When it comes to adultery, men and women get angry and hurt to the 'same intensity', says marriage counsellor Benny Bong. 'The way in which men try to express this intensity is often to destroy the marriage. Women are equally hurt but what often dominates their thinking is how to preserve the marriage and keep the family together.'

Raffles Hospital psychologist Danny Ng says men find it harder to recover from their spouses' adultery because they feel they have 'lost face'.

'For men, it is a matter of pride, territory and possession. They often think 'she is mine'. It's a sad thing but there are double standards - what a male can do, a female cannot.'

Family lawyer Anamah Tan points out that women have different priorities. She says: 'In the cases that I come across, women usually have softer natures and they forgive their husbands. So long as the husband is good and generous to the family, many wives close one eye.'

Frances, a 37-year-old clerk, is still with her husband of 11 years though he has cheated on her twice. Both were affairs with someone from his workplace and she found out after coming across 'incriminating e-mail'.
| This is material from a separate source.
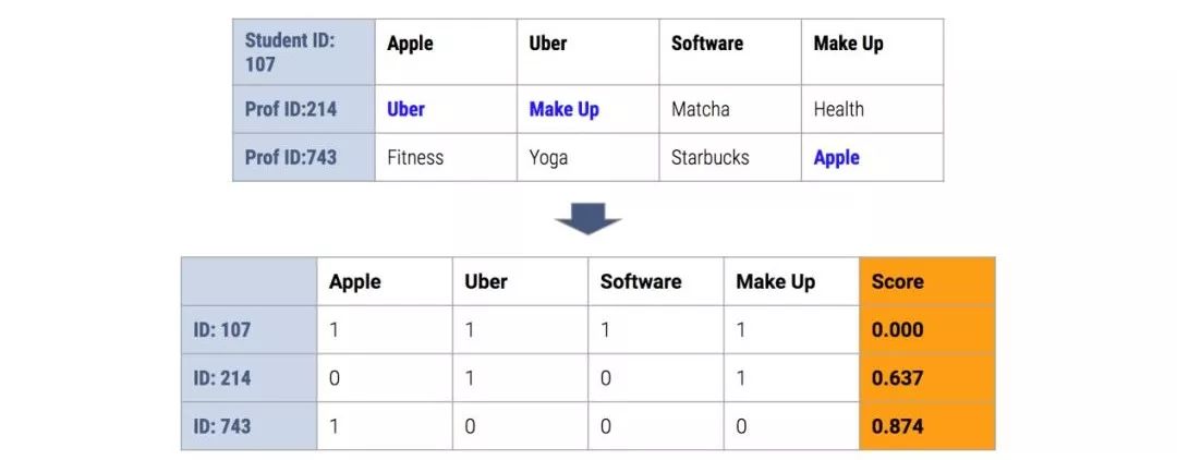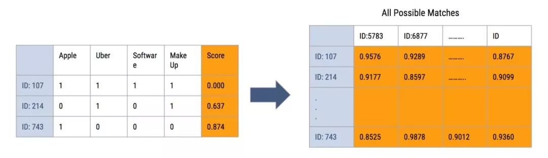 逻辑回归的公式会计算一个0到1之间的值,这是得到目标结果的概率,在本案例中是得到5星评价的概率。我们的目标当然是得到更高的概率。计算所有可能配对的得分并将其放到矩阵中。数据格式化的方式很重要,因为它将生成输入配对算法的原始数据。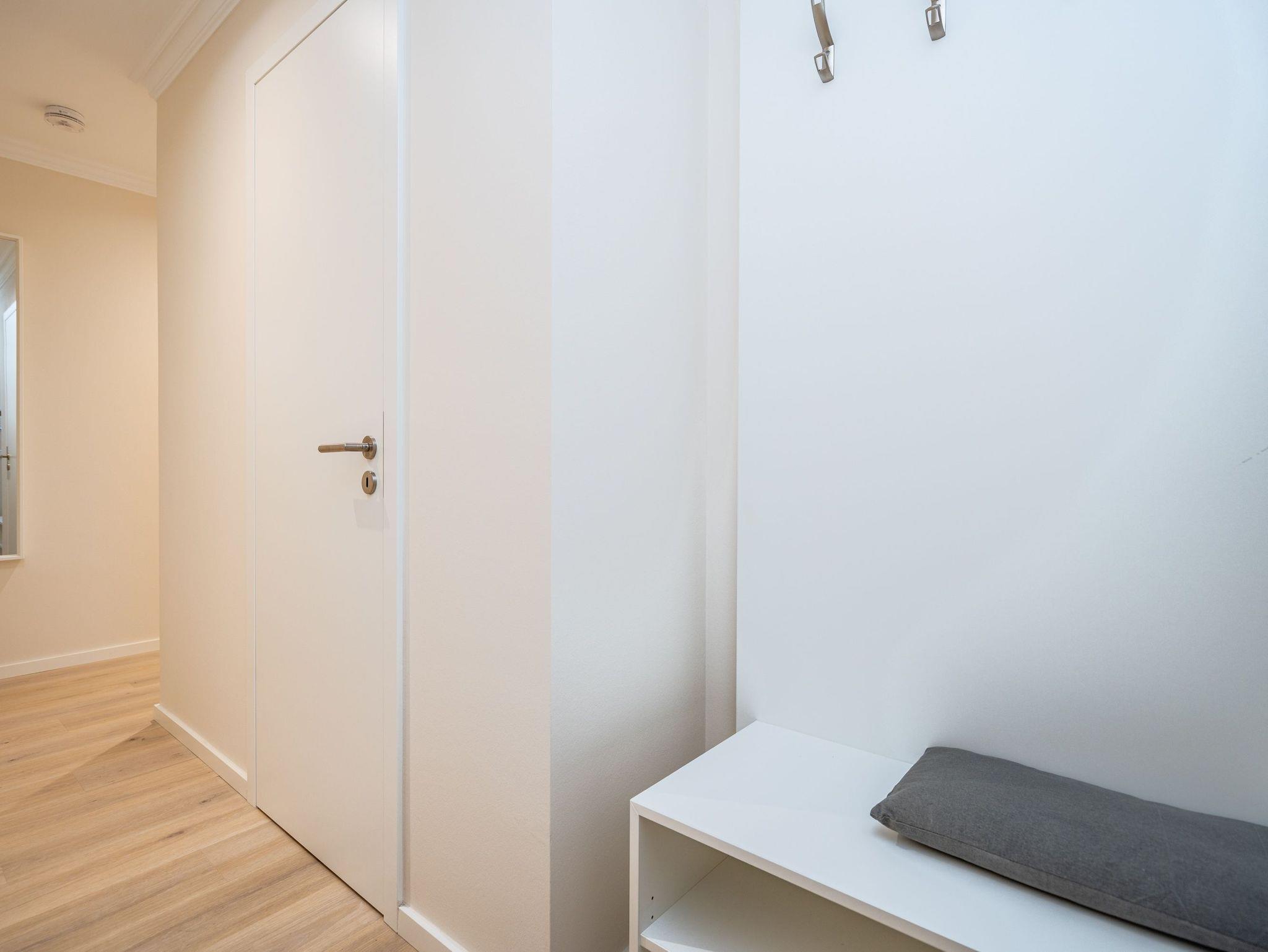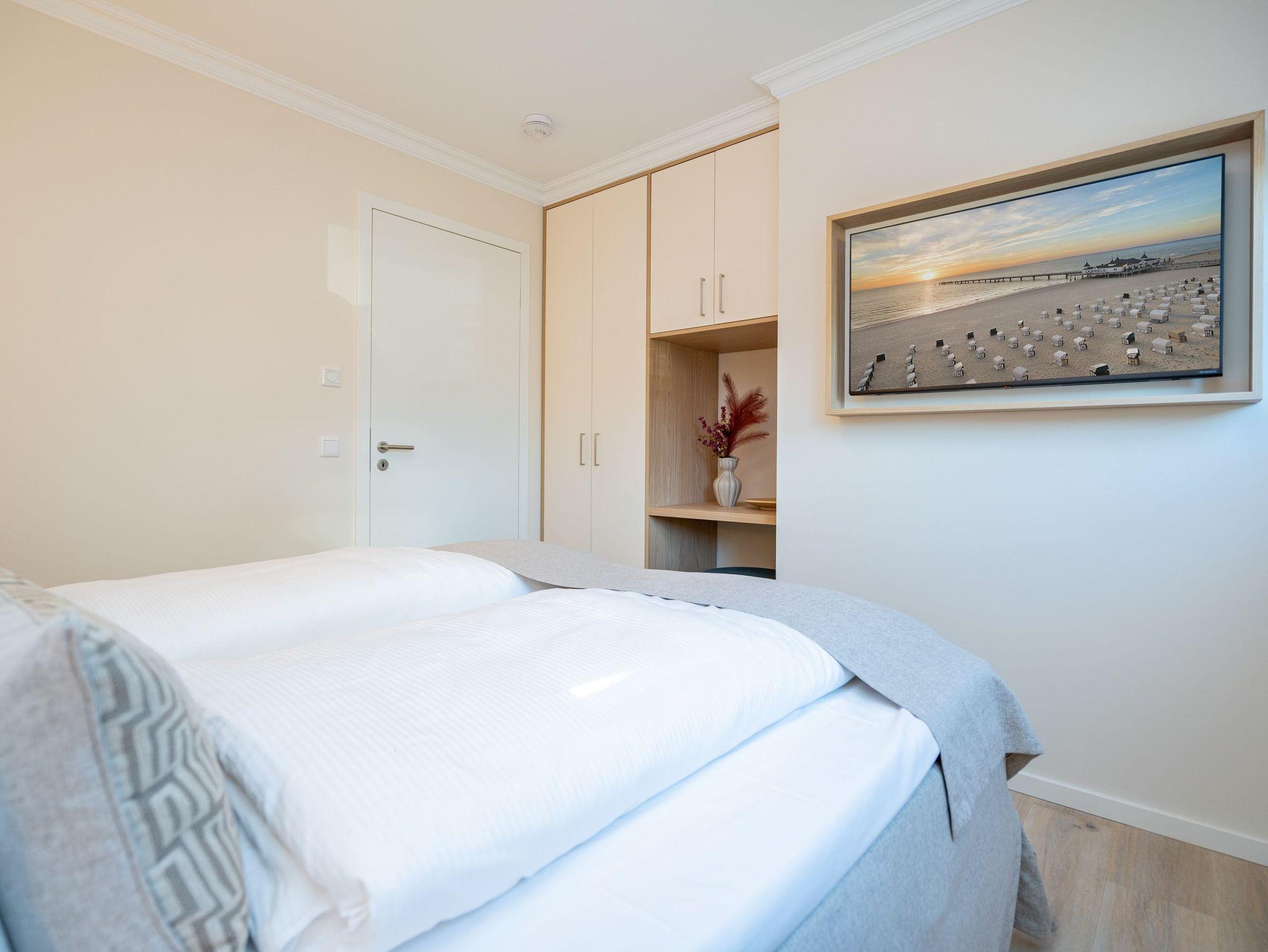 Ein stilvolles 3-Raum-Appartement mit 68 m² Wohnfläche im Hochparterre, das durch Helligkeit, klare Linien und eine wohnliche Atmosphäre überzeugt. Ideal für bis zu vier Personen, die Komfort und eine hochwertige Ausstattung zu schätzen wissen. Der offene Wohnbereich ist großzügig gestaltet und mit einer gemütlichen Sitzgruppe, Gas-Kamin (per Fernbedienung steuerbar) und Flat-TV ausgestattet ein Platz zum Entspannen und Wohlfühlen. Die moderne Küchenzeile bietet alles, was man für den Urlaub braucht: Backofen, Cerankochfeld, Mikrowelle, Spülmaschine und Kühlschrank mit Gefrierfach. Am angrenzenden Essplatz lässt sich gemeinsam genießen und verweilen. Besonderes Highlight ist die großzügige Süd-Ost-Terrasse mit etwa 50 m² Fläche. Sie ist möbliert und bietet viel Raum für entspannte Stunden im Freien ob beim Frühstück in der Sonne oder beim Abendessen an der frischen Luft. Beide Schlafzimmer verfügen über komfortable Boxspringbetten (180 × 200 cm), geräumige Kleiderschränke und je einen Flat-TV. Das innenliegende Bad ist mit Dusche, Waschtisch und WC ausgestattet, ein separates Gäste-WC sorgt für zusätzlichen Komfort. Zur Wohnung gehört ein Stellplatz in der Tiefgarage (Durchfahrthöhe 1,85m), WLAN steht kostenfrei zur Verfügung. Ein modernes Appartement mit großzügiger Terrasse ideal für Gäste, die Wert auf Stil, Licht und Wohnqualität legen.

'Men are the weaker sex,' says the mother-of-three drily, adding that her husband strayed due to 'work stress'.

She says that when men are unfaithful, they are often at low points in their lives, racked with guilt from their betrayal. 'Instead of leaving him, I should support him.'

Her Catholic faith played a large part in reconciliation. She says: 'I was reminded of our vow that marriage is for a lifetime through good times and bad.

'Love is not just about feelings. It's a commitment that you make with someone and if it is only true and real in good times, then that's not true love.'

She makes it a point to show that she trusts her husband and refrains from checking up on him or questioning him unnecessarily. 'If it happens again, it would kill me,' she says. 'But I told him I would just have to go through all this again as we are for life.'

Apart from being more open to working things out, women also stay on for much more pragmatic reasons. For those with children, there is the desire to preserve the family nucleus.